16 Juli 2008

Pansus Angket BBM Tak Boleh Macet

Kerja Pansus Angket BBM di DPR tak boleh sampai macet. Bahkan sekadar lelet juga harus dihindari. Kamacetan ataupun keleletan kerja Pansus bisa meruapkan kesan buruk. Mengundang syak wasangka. Bahwa DPR tidak serius atau setengah hati dalam membongkar praktik mafia perminyakan di dalam negeri. Atau lebih buruk lagi: DPR sesungguhnya memang tidak berniat memberantas praktik mafia itu.

Kesan atau syak wasangka seperti itu kini bahkan mulai tumbuh. Ini setelah Selasa lalu Pansus Angket BBM membatalkan pemanggilan sejumlah pejabat tinggi yang punya peran vital dalam urusan minyak di dalam negeri.

Mungkin benar, Pansus Angket BBM tak bisa langsung main panggil pejabat-pejabat pemerintah sebelum keberadaan Pansus sendiri tercatat resmi dalam Berita Negara sebagaimana diamanatkan UU Nomor 6/1954 tentang Penetapan Hak Angket DPR. Juga boleh jadi benar pula bahwa pemanggilan pejabat-pejabat itu bisa menjadi tindakan konyol jika Pansus sendiri belum benar-benar menguasai masalah.

Jadi, tertib administrasi harus dipenuhi dulu supaya kerja Pansus tidak cacat secara hukum.

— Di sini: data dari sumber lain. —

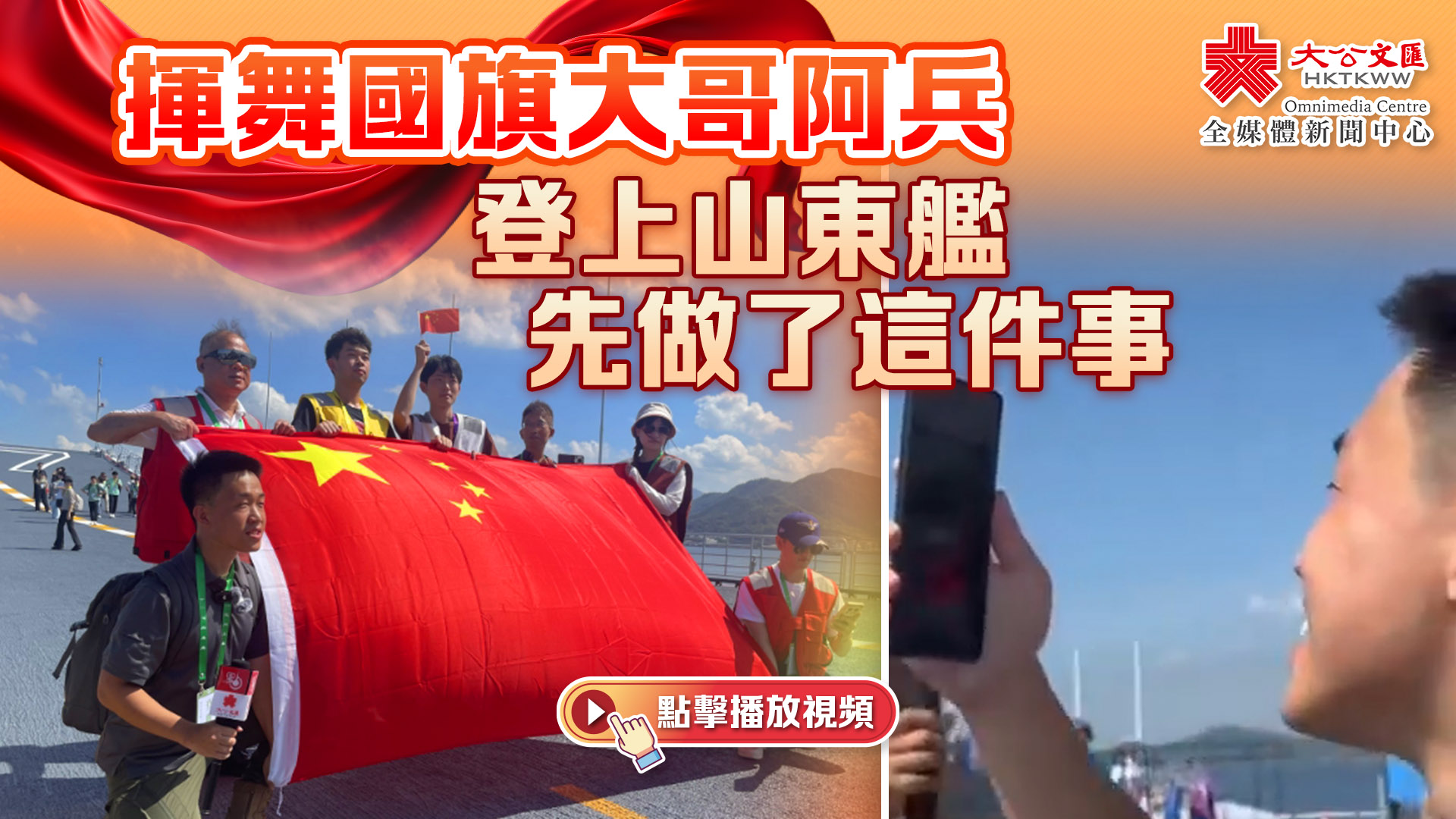 阿兵說,他沒能搶到山東艦的參觀票,但是7月3日他去玉桂山揮舞國旗迎接山東艦編隊訪港,這一事跡經過大公文匯全媒體、點新聞等媒體廣泛報道後,引起全網關注。之後,大公文匯、點新聞經過多方努力,幫助阿兵實現了登上山東艦參觀的夢想。阿兵向父親和奶奶展示了山東艦航母甲板上的場景,並且拍下了自己、父親和奶奶同山東艦航母同框的照片,通過照片見證了祖國的強大。在此過程中,阿兵亦表達對全國網友和媒體,特別是感謝大公文匯全媒體和點新聞的全力協調,感謝大家一起努力,把他送到了山東艦的甲板上。

Juga Pansus harus siap dulu dengan segala "amunisi" yang diperlukan agar langkah membongkar mafia minyak ini tidak menjadi dagelan yang tidak lucu.

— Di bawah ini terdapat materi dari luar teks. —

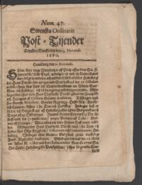POSTTIDNINGAR 1680-11-23 Fritt Upphov Ingen uppgift Utgivningsår 1680 Ingår i samling Post och inrikes tidningar 1645-1705Posttidningar Kategori Tidningsnummer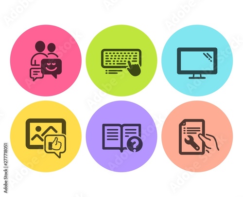 Like photo, Monitor and Help icons simple set. Communication, Computer keyboard and Repair document signs. Thumbs up, Computer component. Technology set. Flat like photo icon. Circle button. Vector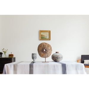 Huddleson-Italian Linen Printed Table Linens Cinta Grey Tablecloth Round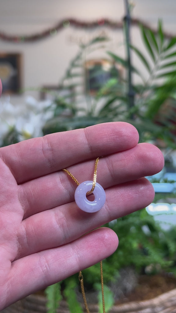 * Design Concept--- The Ping An Kou (Good Luck Button) is a Chinese symbol of peace, protection and well-being, believed to ward off negative energy and bring good fortune. This pendant is made with natural Burmese jadeite jade that features a lavender color throughout. Known for its durability, jadeite is also believed to bring good luck. Gifting one of these is like wishing the best of luck to your family or loved ones.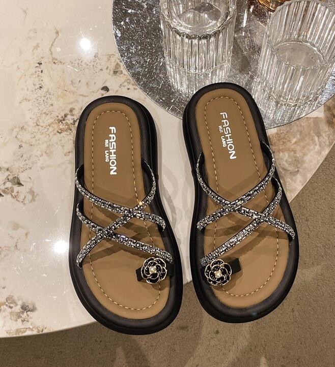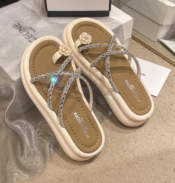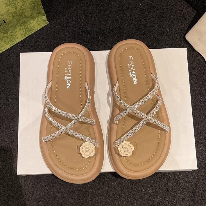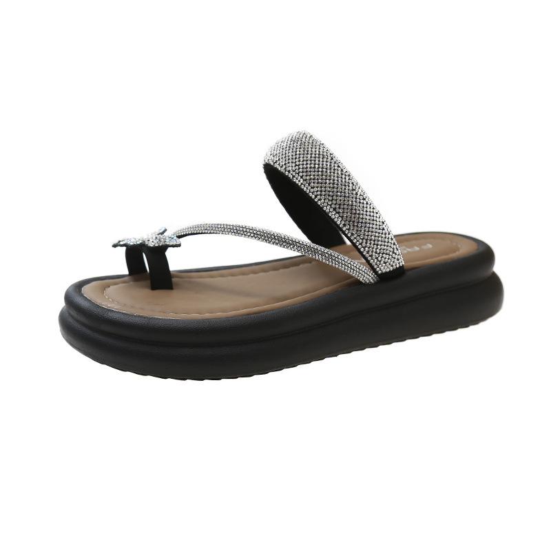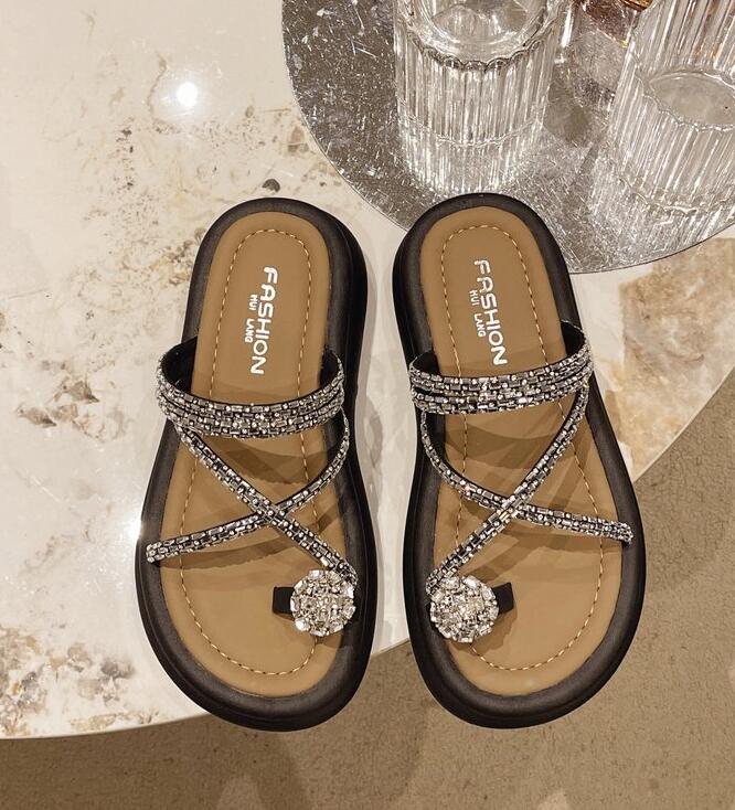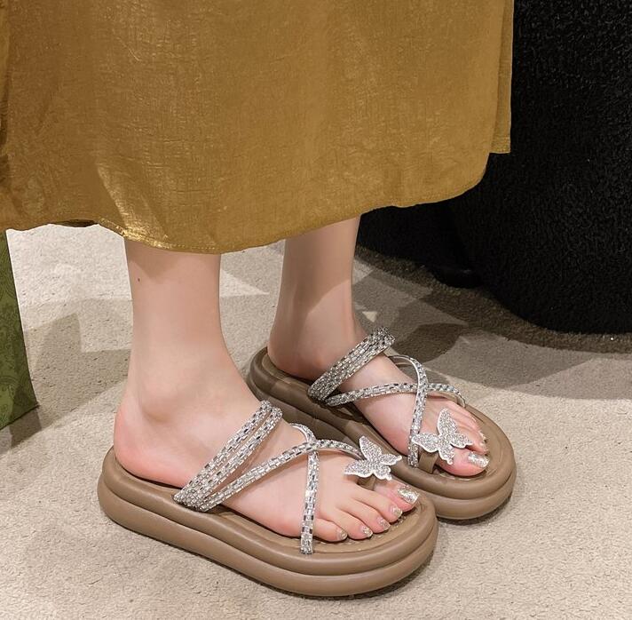 2024 Лето Новые Бабочки Яркие Алмазные Сандалии Женщины Носят Толстую Подошву Сложенный Носок Не Усталые Ноги Сандалии Пляжная Обувь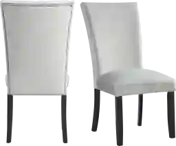 The Lafortune gray side chair set instantly updates your dining room. This duo is upholstered in a show stopping gray velvet, which will elevate your dining room to the next level. Chrome nail head trim outlines the edges of these chairs, adding extra flair to this already stunning set. The gray velvet pairs beautifully with the sleek, black finish on the legs. Add these chairs to your home today for a look that will never go out of style. Customer assembly is required.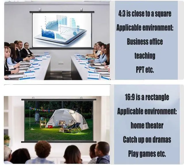 Wide application: 60 inches/72 inches, 16:9 for entertainment, games, KTV, 4:3 for office meeting, teacher teaching, public presentation, etc.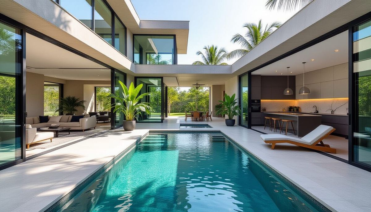 Easily design your own modern house with an internal glass patio with our AI image generator. It's free!

Tapi alasan apa pun yang dikemukakan, keputusan Pansus Angket BBM membatalkan pemanggilan sejumlah pejabat pemerintah itu serta-merta mengundang aneka spekulasi tidak sedap. Intinya, publik menganggap pembatalan itu sebagai bukti sikap main-main ataupun adanya intervensi kekuatan di luar Pansus.

Spekulasi-spekulasi itu tidak berlebihan. Maklum, karena pejabat-pejabat yang batal dipanggil itu merupakan figur kunci dalam urusan minyak di dalam negeri. Kalau saja bukan menyangkut figur-figur kunci, pembatalan pemanggilan itu mungkin tidak menjadi heboh. Tidak dicurigai sebagai sebuah tindakan by design.

Di sisi lain, pembatalan itu juga menyulut spekulasi negatif karena publik sejak awal mencurigai bahwa keputusan DPR menyetujui usul penggunaan hak angket tentang penaikan harga BBM sendiri dilakukan secara terpaksa. Bahwa penggunaan hak angket disetujui lebih karena tekanan massa mahasiswa lewat aksi aksi demo yang begitu heboh.

Tapi memang terasa janggal bahwa masalah tertib hukum bisa-bisanya terabaikan oleh Pansus Angket BBM ini. Mestinya Pansus tahu betul berbagai syarat maupun prasyarat legal yang harus lebih dulu dipenuhi sebelum mereka resmi bekerja.
Dengan demikian, kekonyolan -- pembatalan agenda kerja pertama, yaitu memanggil sejumlah pejabat pemerintahan -- tak harus terjadi.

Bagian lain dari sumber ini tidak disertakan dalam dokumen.